Database Trimming
In this article:
This article provides best practices for trimming the CloudShell databases. It is important to periodically trim the databases to minimize load and optimize performance. CloudShell uses several SQL and MongoDB databases for data storage and retrieval.
The databases that may cause issues from time to time are:
- Quali DB: SQL database that stores sandbox deployment and lifecycle management data
- Insight DB: SQL database that stores Insight data
- MongoDB: MongoDB database that stores sandbox Activity Feed and Output events
- Keep a backup copy of the production database before defragmenting/trimming.
- As a best practice, we recommend doing the following:
- To allow CloudShell to work uninterrupted while you trim/defragment the database, run the procedure on a separate SQL Server. To do so, back up the database, restore it on another SQL Server and run the script on the restored database. When the operation completes, restore the updated database in the production SQL Server.

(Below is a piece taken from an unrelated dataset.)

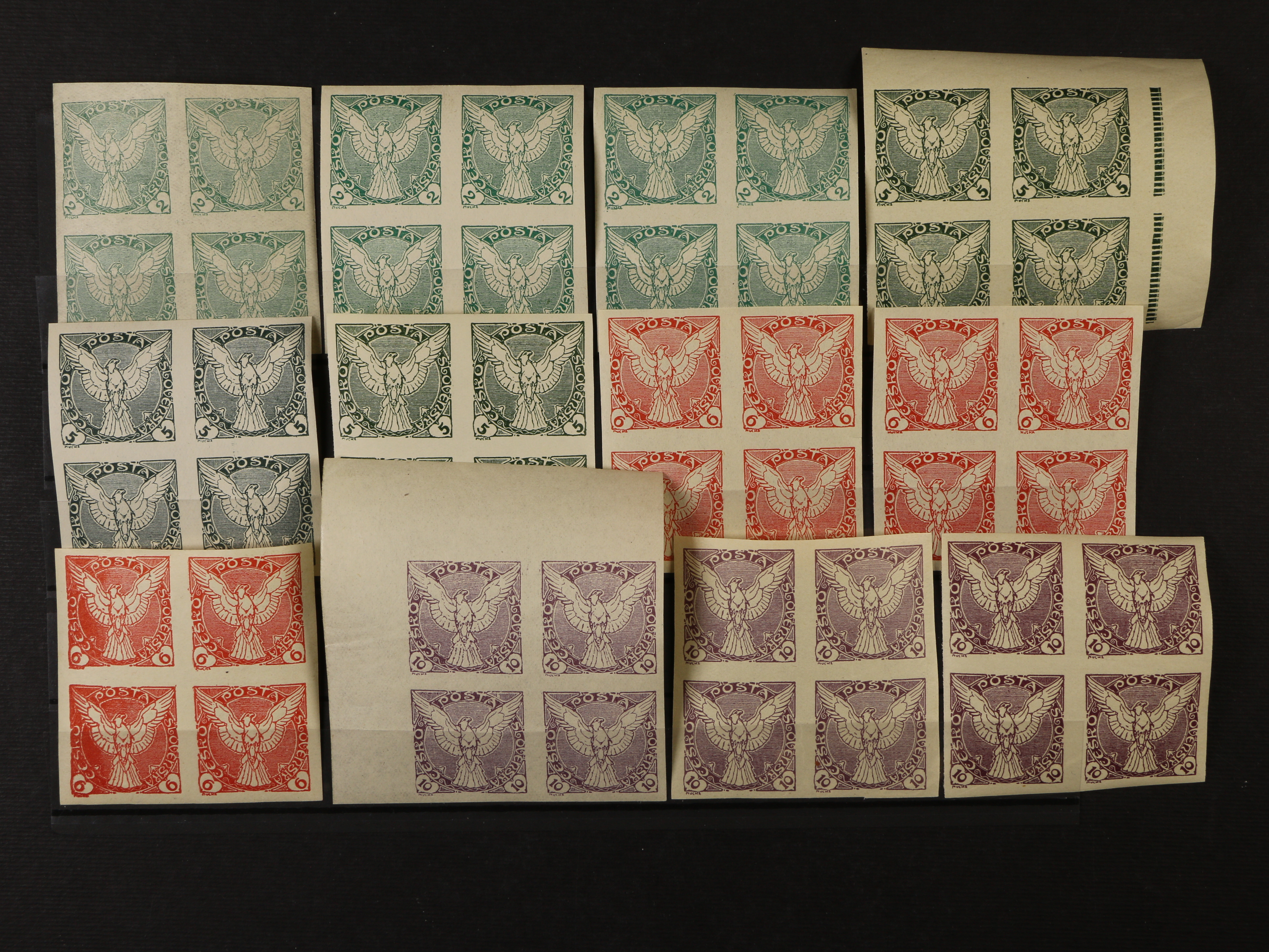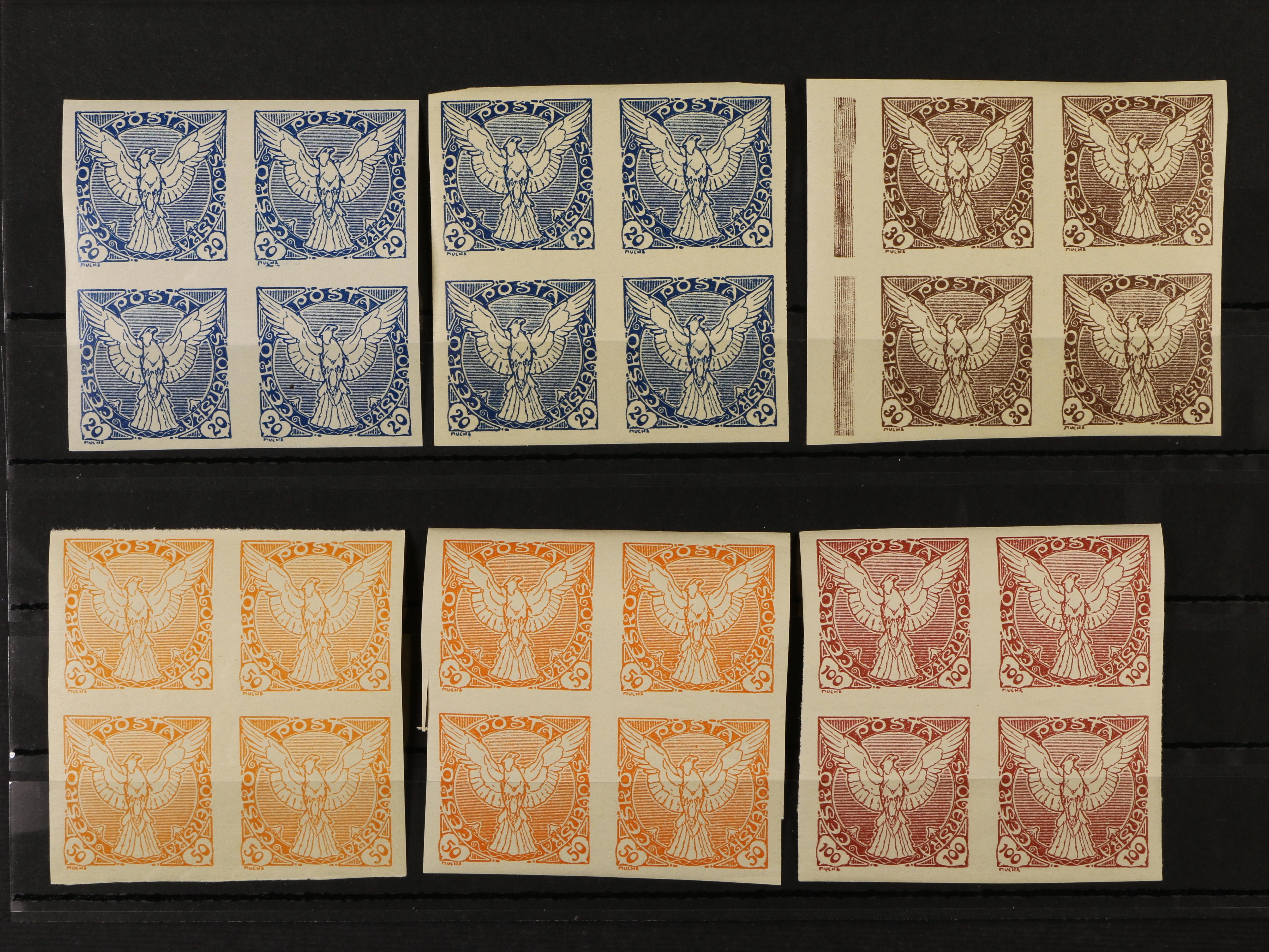 zn. č. NV1-8 ve čtyřblocích, barvy a odstíny, celkem 18 čtyřbloků

- If you continue working with CloudShell while the database is being trimmed/defragmented, you may lose the new data when restoring back the database. To avoid losing new data, set a Maintenance Window for the duration of the operation. To get an idea of the time it will take, please perform the defragmentation/trimming procedure on a copy of the database. The operation may take several hours, depending on the size of the database.

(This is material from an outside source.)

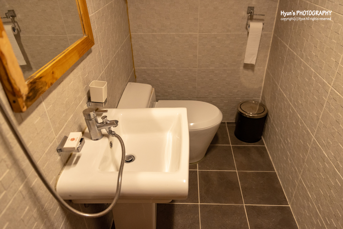 욕실 역시 객실 내에 프라이빗 하게 깨끗하고 깔끔한 모습으로 있습니다. 원래 전통한옥이나 고택 같은 곳들은 화장실이 밖에 있는 경우가 많아 불편할 수 밖에 없는데, 그래도 이곳은 숙소로 사용하기 위해 지어진 곳이라 그런지 객실마다 화장실이 각각 마련되어 있어요. 물론 샴푸나 린스 등 어메니티도 구비가 되어 있습니다.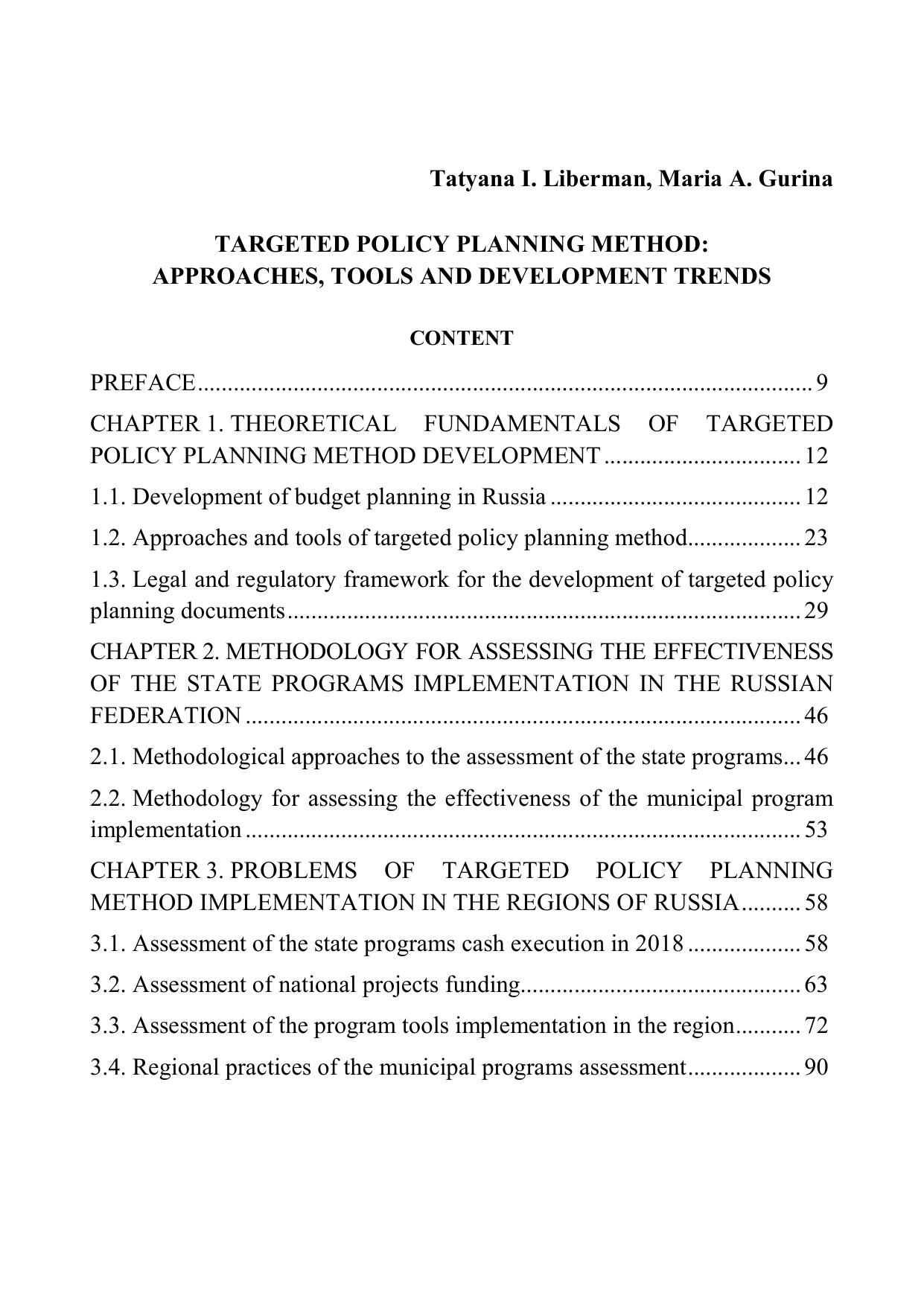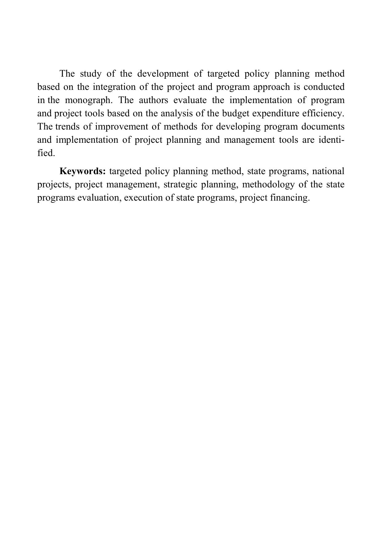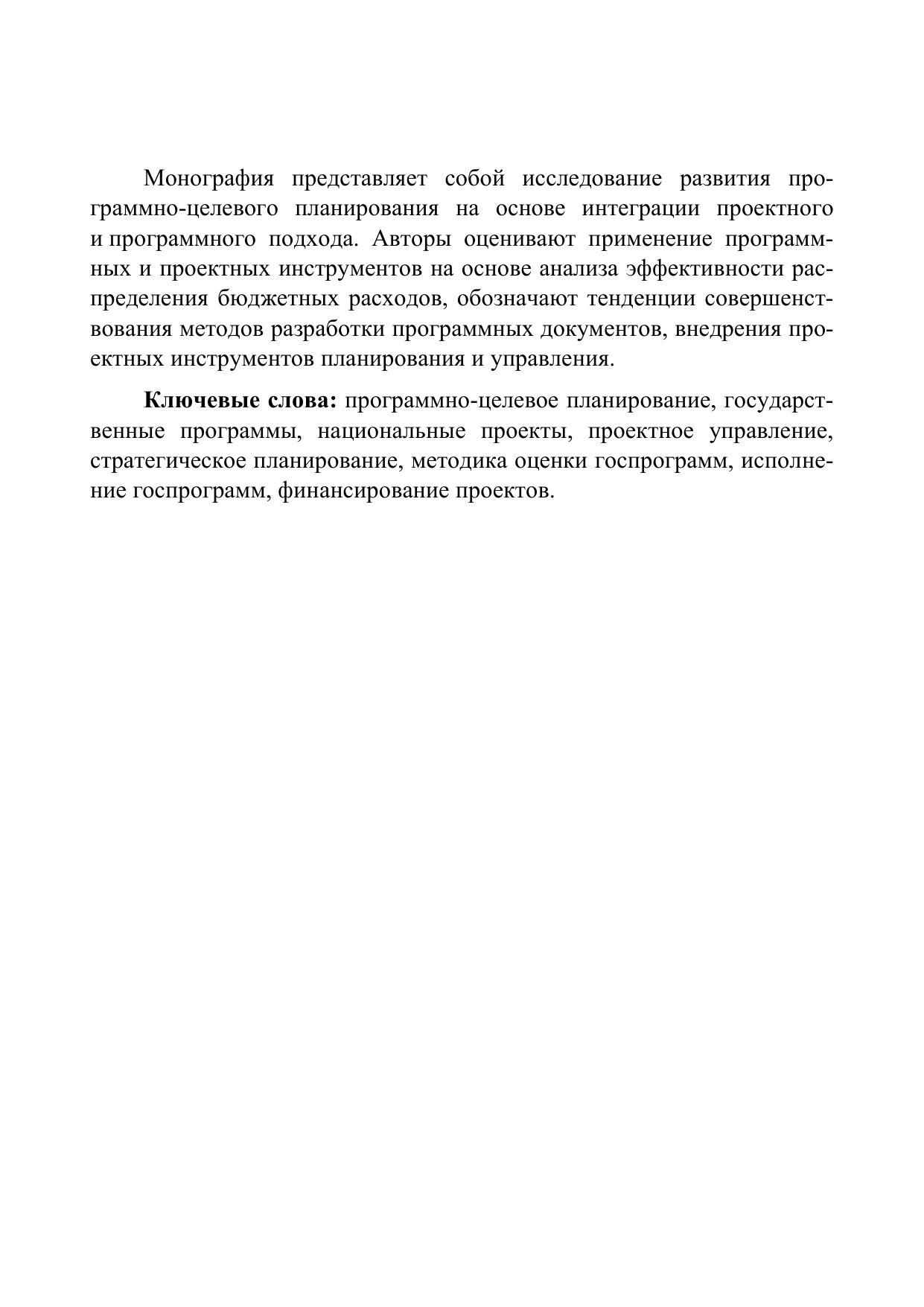Монография представляет собой исследование развития программноцелевого планирования на основе интеграции проектного и программного подхода. Авторы оценивают применение программных и проектных инструментов на основе анализа эффективности распределения бюджетных расходов, обозначают тенденции совершенствования методов разработки программных документов, внедрения проектных инструментов планирования и управления.

Defragment Quali / Insight DBs
We recommend defragmenting the Quali DB on a weekly/monthly schedule or when the fragmentation reaches a certain fragmentation threshold, such as 30%.
To check the fragmentation level of a database:
- In the script below, set the following parameters
- [Quali]: Replace with the name of the database (leave the square brackets).
- DDIPS.avg_fragmentation_in_percent: Set the fragmentation threshold percentage (default is 0)
USE [Quali] SELECT S.name as 'Schema', T.name as 'Table', I.name as 'Index', DDIPS.avg_fragmentation_in_percent, DDIPS.page_count FROM sys.dm_db_index_physical_stats (DB_ID(), NULL, NULL, NULL, NULL) AS DDIPS INNER JOIN sys.tables T on T.object_id = DDIPS.object_id INNER JOIN sys.schemas S on T.schema_id = S.schema_id INNER JOIN sys.indexes I ON I.object_id = DDIPS.object_id AND DDIPS.index_id = I.index_id WHERE DDIPS.database_id = DB_ID() and I.name is not null AND DDIPS.avg_fragmentation_in_percent > 0 ORDER BY DDIPS.avg_fragmentation_in_percent desc
To rebuild a database:
-
In the script below, replace [Quali] with the name of the database (leave the square brackets) and run the script.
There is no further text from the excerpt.